_Task_
Starting at the line with "3.取消订单:当订单为外卖、" and stopping at the final line, retype the data below exactly; do not carry over any pictures.

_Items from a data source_

========

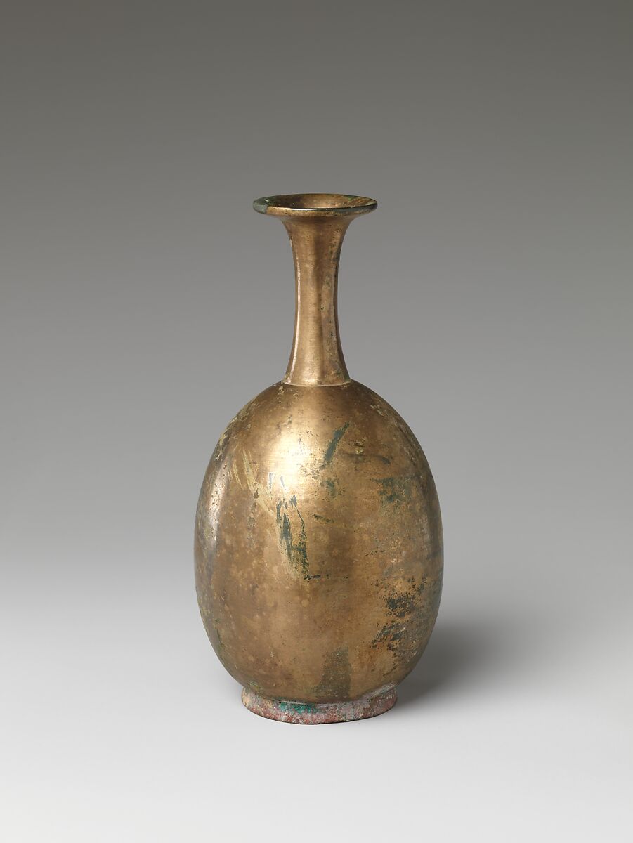 The shape of this vase most likely derives from Indian examples used to sprinkle water and other libations during ceremonies. Such vessels were introduced to China with Buddhism and can often be seen in the hands of bodhisattvas, particularly Avalokiteshvara (Guanyin). One of the Chinese names for vessels of this type is Guanyin ping, or “Avalokiteshvara vase.”
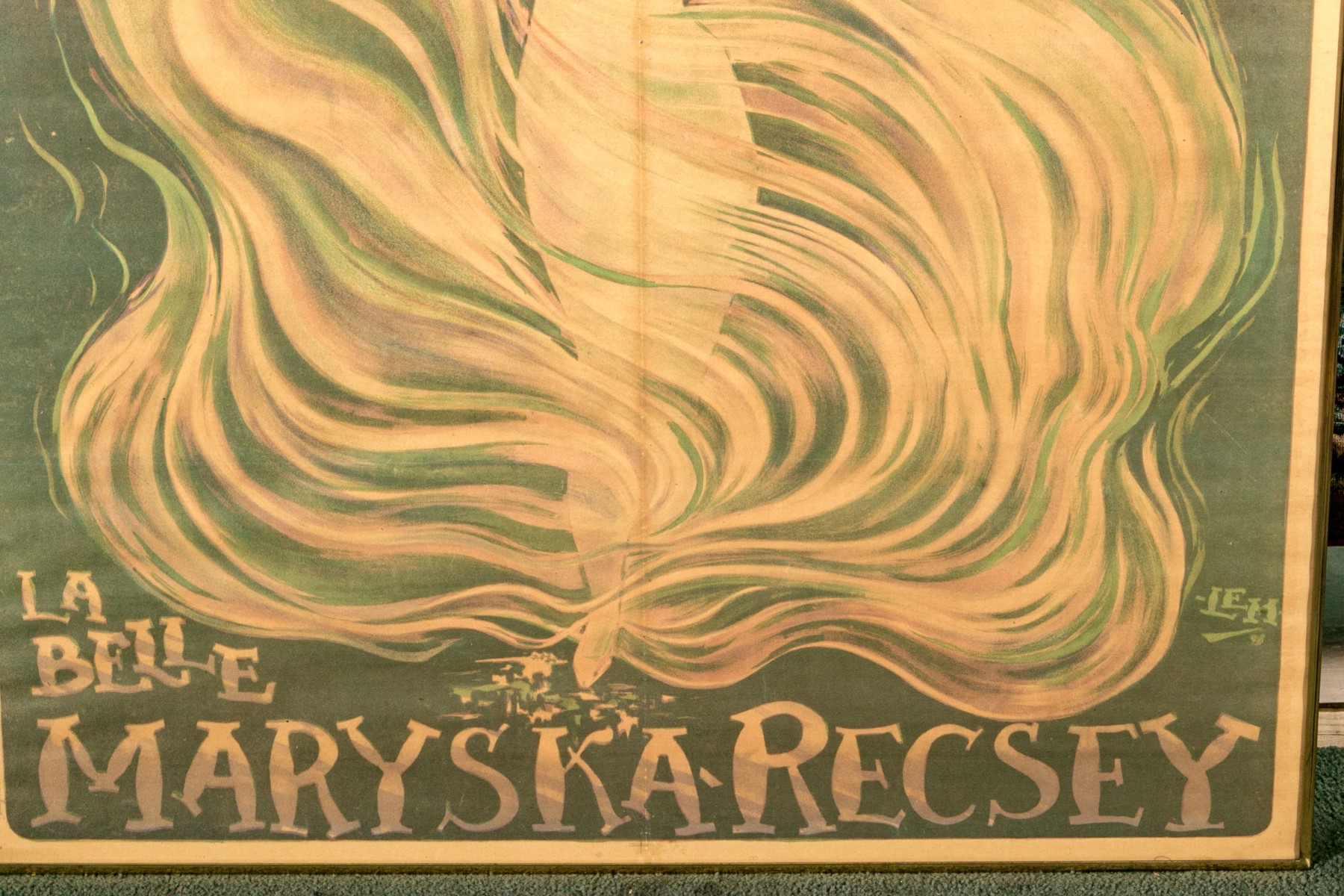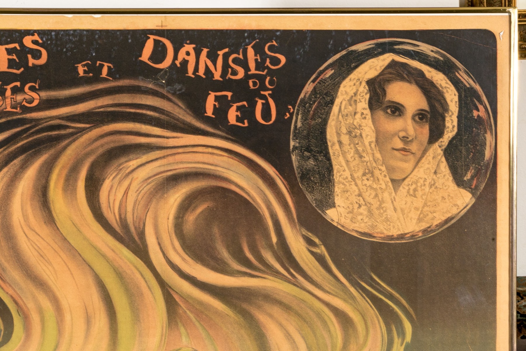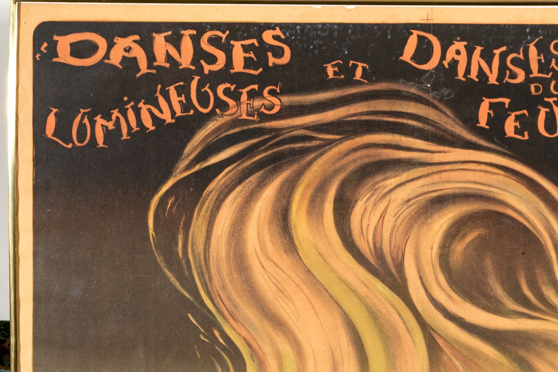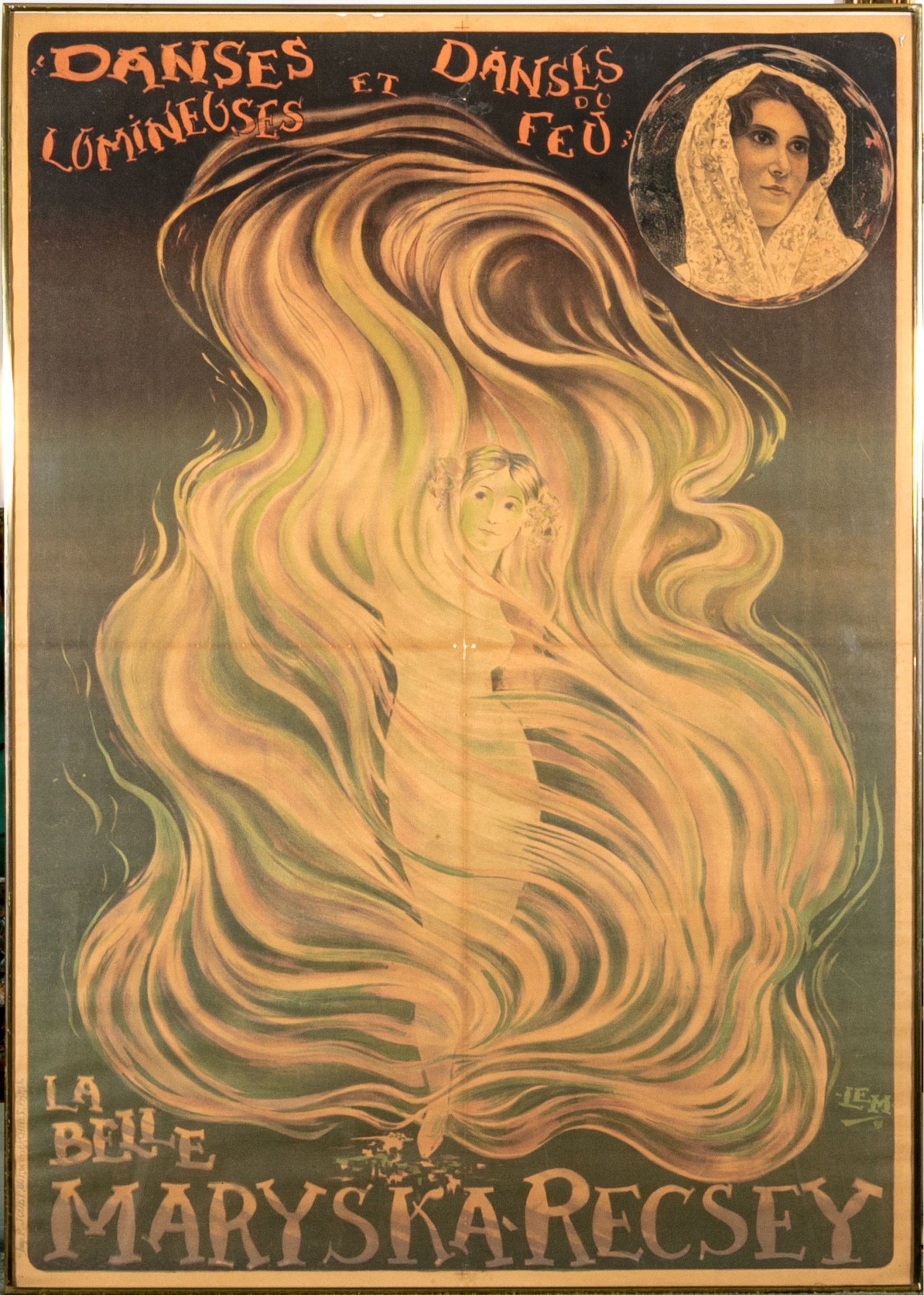 Ernest Barthelemy Lem (French, 1869-1930 lithographic poster for "Danses Lumineuses et Danses Du Feu" starring actress Maryska Recsey. The poster features an illustration depicting a woman emerging from swirling flames in yellow, pink, and green, creating an impressive and impactful display. Printed by P. Jouet. Displayed in a simple gilt frame.
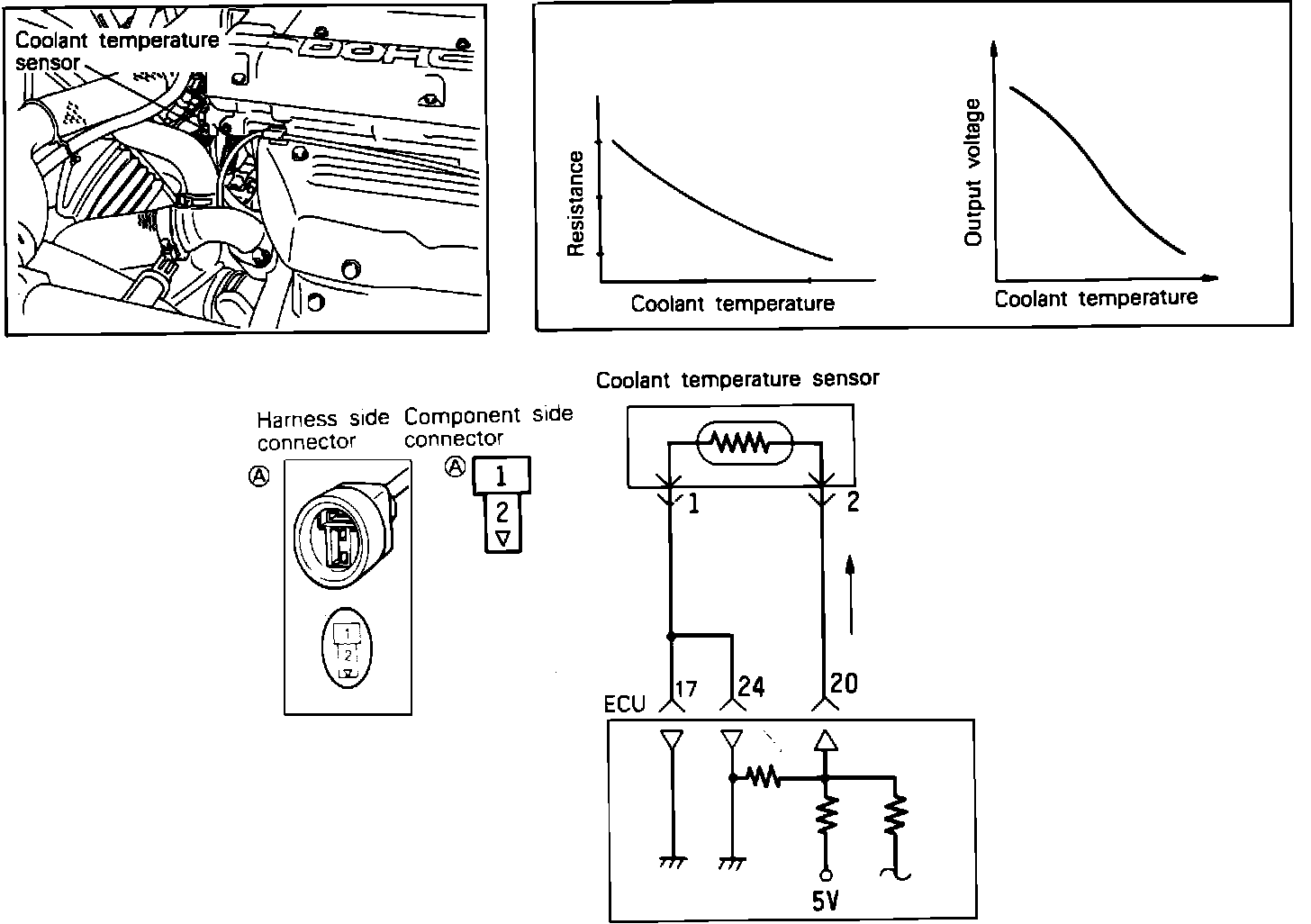 The Coolant Temperature Sensor, located in the thermostat housing, is a thermistor type sensor. As engine temperature increases, sensor resistance decreases. The ECU judges engine temperature by the sensor output Voltage and provides optimum fuel enrichment when the engine is cold.
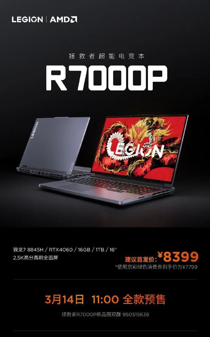 3月14日,联想拯救者宣布开启全新R7000P系列游戏本的预售,具体情况如下。
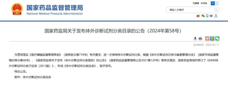 一、總體說明 (一)《分類目錄》所包括體外診斷試劑,是指按醫(yī)療器械管理的體外診斷試劑,不包括國家法定用于血源篩查的體外診斷試劑和采用放射性核素標記的體外診斷試劑。 (二)《分類目錄》以《關于發(fā)布〈體外診斷試劑分類規(guī)則〉的公告》(以下簡稱《分類規(guī)則》)為依據(jù),根據(jù)體外診斷試劑的特點編制而成,《分類目錄》結構由“一級序號、一級產(chǎn)品類別、二級序號、二級產(chǎn)品類別、預期用途、管理類別”六個部分組成,其中“一級產(chǎn)品類別”主要依據(jù)《分類規(guī)則》設立,共25個;“二級產(chǎn)品類別”是在一級產(chǎn)品類別項下的進一步細化,主要根據(jù)檢測靶標設置,原則上不包括方法或原理,共1852個;“預期用途”涉及的內(nèi)容包括被測物及主要臨床用途等,其目的主要是用于確定產(chǎn)品的管理類別,不代表對相關產(chǎn)品注冊內(nèi)容的完整描述。申請注冊或者辦理備案時,有關產(chǎn)品名稱和預期用途應當按照《體外診斷試劑注冊與備案管理辦法》及相關要求執(zhí)行。 分類編碼繼續(xù)沿用6840。 (三)被測物相同但在臨床上用于不同預期用途、且根據(jù)《分類規(guī)則》屬于不同管理類別的產(chǎn)品,若其在不同管理類別的用途都有較廣泛的應用,則依據(jù)《分類規(guī)則》分別列入相應管理類別,低類別條目的預期用途描述中應當明確不包含按高類別管理的預期用途。 對于具有多種預期用途、但根據(jù)《分類規(guī)則》管理類別相同的產(chǎn)品,進行“一級產(chǎn)品類別”歸類時,根據(jù)臨床主要用途、特定用途優(yōu)先歸類。 (四)根據(jù)《分類規(guī)則》第六條規(guī)定,用于微生物鑒別或者藥敏試驗的培養(yǎng)基,以及用于細胞增殖培養(yǎng),對細胞具有選擇、誘導、分化功能,且培養(yǎng)的細胞用于體外診斷的細胞培養(yǎng)基,按照第二類管理。符合《分類規(guī)則》且風險較低的僅做選擇性培養(yǎng)、不具備微生物鑒別及藥敏功能的微生物培養(yǎng)基,按照第一類管理。 (五)按照第一類管理的細胞培養(yǎng)基,僅保留基礎培養(yǎng)基產(chǎn)品,如RPMI -1640 培養(yǎng)基,并根據(jù)《分類規(guī)則》明確用途限制(不用于細胞治療、細胞回輸、輔助生殖等非體外診斷用途)。 (六)根據(jù)《分類規(guī)則》第六條、第七條規(guī)定,按照第一類管理的樣本處理用產(chǎn)品,主要指檢測反應發(fā)生前的樣本預處理階段所用的通用性產(chǎn)品,且不參與反應。原則上此類產(chǎn)品僅包括儀器平臺通用或方法學通用的樣本處理用試劑,不包括針對具體檢測項目的樣本處理用試劑。 (七)按照第一類管理的反應體系通用試劑,主要指檢測反應階段維持反應體系環(huán)境的通用性試劑。僅包括儀器平臺通用或方法學通用的反應體系試劑,不針對具體檢測項目。不可對完整的產(chǎn)品進行拆分后單獨注冊/備案。 (八)按照第一類管理的染色液,主要指通用性產(chǎn)品,不含特異性的蛋白、抗原、抗體、酶等物質(zhì),按染色液主要化學成分或常用名稱命名。 (九)根據(jù)《分類規(guī)則》,按照第一類管理的流式細胞儀用、免疫組化、原位雜交產(chǎn)品涉及的抗體或者探針,均為“單一抗體”或“單一探針”。原位雜交產(chǎn)品中針對單個基因檢測的斷裂基因探針、融合基因探針,因其產(chǎn)品的特性,需要兩個探針共同完成某個基因的檢測,視作“單一探針”;原位雜交產(chǎn)品中針對單個基因檢測的,產(chǎn)品的組成中除主要的特異性探針外,另含有起“輔助定位”作用的探針的,視作“單一探針”。 根據(jù)《分類規(guī)則》,上述按照第一類管理的“單一抗體”或“單一探針”組合后,作為第二類或第三類管理。 (十)《分類規(guī)則》中“僅為專業(yè)醫(yī)生提供輔助診斷信息的流式細胞儀用單一抗體”限指對體液中懸浮的細胞進行分析、提供輔助信息的單一抗體以及同型對照抗體。通過捕獲體液中其他成分形成生物粒子、從而用流式細胞儀進行檢測的體外診斷試劑,不符合《分類規(guī)則》中“流式細胞儀用單一抗體”有關要求,如在流式平臺上,基于抗原抗體反應,以特定“微珠”或者“微球”為載體,對白介素、干擾素、腫瘤壞死因子等物質(zhì)進行檢測分析的試劑。 (十一)除第(九)條第二款列出的情形外,《分類目錄》中未包含的組合產(chǎn)品,如組合后的預期用途僅為單項產(chǎn)品預期用途的組合,應當按照所包含的單項產(chǎn)品的最高管理類別確定其管理類別。如有新增預期用途,應當按照相關要求申請分類界定。 (十二)《分類目錄》未包括校準品、質(zhì)控品。根據(jù)《分類規(guī)則》,與第二類、第三類體外診斷試劑配合使用的校準品和質(zhì)控品的管理類別,與試劑管理類別相同;與第一類體外診斷試劑配合使用的校準品和質(zhì)控品,按第二類管理。 非定值質(zhì)控品不作為醫(yī)療器械管理。 (十三)根據(jù)《分類規(guī)則》第六條、第七條規(guī)定,與麻醉藥品、精神藥品、醫(yī)療用毒性藥品檢測相關,并具有臨床診斷用途、在臨床機構使用的體外診斷試劑,按第三類管理。麻醉藥品、精神藥品或醫(yī)療用毒性藥品的范圍根據(jù)國家藥監(jiān)局、公安部、國家衛(wèi)生健康委聯(lián)合發(fā)布的《麻醉藥品和精
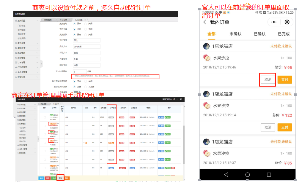 3.取消订单:当订单为外卖、自取、店内(先付款后吃饭)时,如用户不进行支付,则订单超时会自动取消,无需处理。
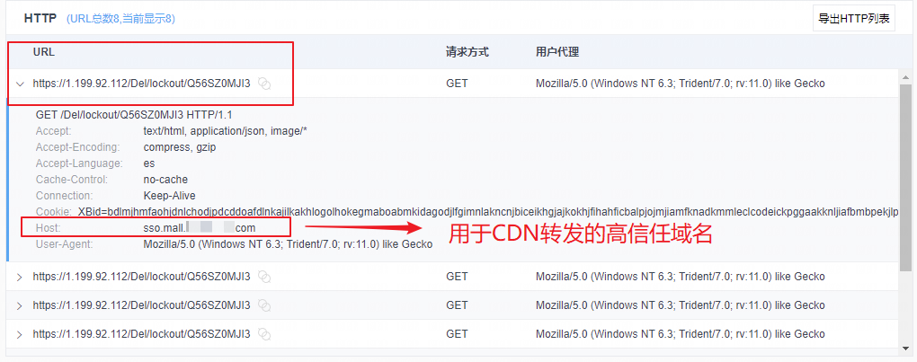 3. 最终,CDN服务商的IP:1.199.92.112接受到了攻击样本发送的HTTPS请求后,通过HOST中指定的加速域名:sso.mail.***china.com(攻击者注册的加速域名,并非真实的DNS域名),将通信数据转发至攻击者真实的C2地址上。从而完成了C2地址的隐藏。

========

_Response area_
 3.取消订单:当订单为外卖、自取、店内(先付款后吃饭)时,如用户不进行支付,则订单超时会自动取消,无需处理。
 3. 最终,CDN服务商的IP:1.199.92.112接受到了攻击样本发送的HTTPS请求后,通过HOST中指定的加速域名:sso.mail.***china.com(攻击者注册的加速域名,并非真实的DNS域名),将通信数据转发至攻击者真实的C2地址上。从而完成了C2地址的隐藏。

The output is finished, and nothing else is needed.